"May the God of hope fill you with great joy and peace as you trust in him." Romans 15:13

Monday, January 20, 2014

7 Months - 32 Weeks Pregnant

Only 59 days until baby is due.

59 days!

I plan to savor each one.

I feel so good, so thankful, so full of life and love that it is nearly annoying to some.  I am very excited to have a baby in our house, but I am also in NO rush for her to arrive.  Once she is here, I will never experience the complete miracle that is pregnancy again.  So I am just enjoying each moment.  (I told you.  I am "Pollyanna the Pregnant Lady!)

Chad just laughs when people ask how I am feeling.  They always seem to expect me to be whiny.  When I gush about how great I feel they never know if they should congratulate me or commit me!

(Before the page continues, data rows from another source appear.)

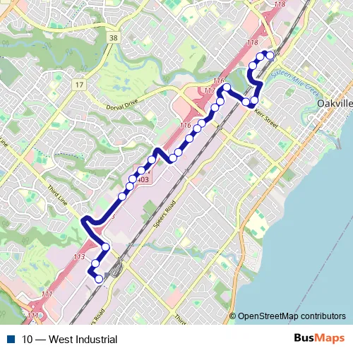 The first stop of the 10 bus route is Oakville GO Station and the last stop is Bronte GO Station. 10 (West Industrial) is operational during on weekdays.
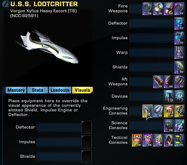 The Hybrid Intel/Universal Lt.Commander seat allows for a lot of flexibility in your design. As I’ve only had the ship a few days, I stuck with a more traditional cannon mixed build I’ve used on other escorts in the past. For this build – I went full tetryon. After a few runs I was fairly happy with the results, but at the urging of my team mates I tried a dual beam build with mixed results. The performance wasn’t an issue, but I will have to admit cannons are far more fun to shoot with a ship this small and agile.
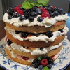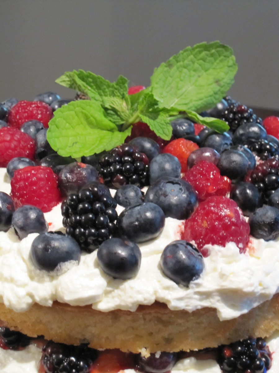 I made this cake for my mom's 65th birthday. White almond sour cream cake with swiss meringue buttercream and mascarpone frosting layered with fresh berries. This cake tasted amazing!
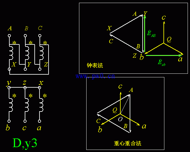 III.原、副方的相序要正确,即顺钟向读a.b.c.或A.B.C(也含x.y.z等)。

The kids just laugh at me.  When lying back in the recliner I get a bit "high centered" sometimes.  They think that is hysterical.  They also think that balancing a glass of water on the "table" their baby sister has created on my lap is hilarious.  Joshua has decided she makes a good pillow.  He likes to rest his head on his little sister while watching TV!

I am carrying this baby really low.  She likes to snuggle her feet right into my left hip most of the time.  It is not painful, but I feel her tickling the inside of my hip bone all the time.  She continues to be a serene mover.  Once in a while she gets really active, but when I place my hands over her wiggling body, she quiets almost immediately.  She does get the hiccups more and more all the time.  The best way for the kids to feel her move is when she has the hiccups.

The massive weight gain has begun.  I am up 18 or 20 pounds!  BUT - even that is not stressing me out.  There was one day when I was feeling ginormous.  I had this "I look terrible" chip on my shoulder for about half of the day, and then I realized just how silly that was.  While some tell me I am huge, and others tell me I am tiny (isn't it funny how everyone seems to feel free to comment on your size when you are pregnant?), I have decided to just feel HAPPY.  My body needs to grow and gain and stretch and change.  Whatever size that means I become, it is OK with me.  For the next couple of months, I am going to relish having NO control.  I am going to enjoy the growing and stretching and wiggles and hiccups.  I have the rest of my life to worry about the rest!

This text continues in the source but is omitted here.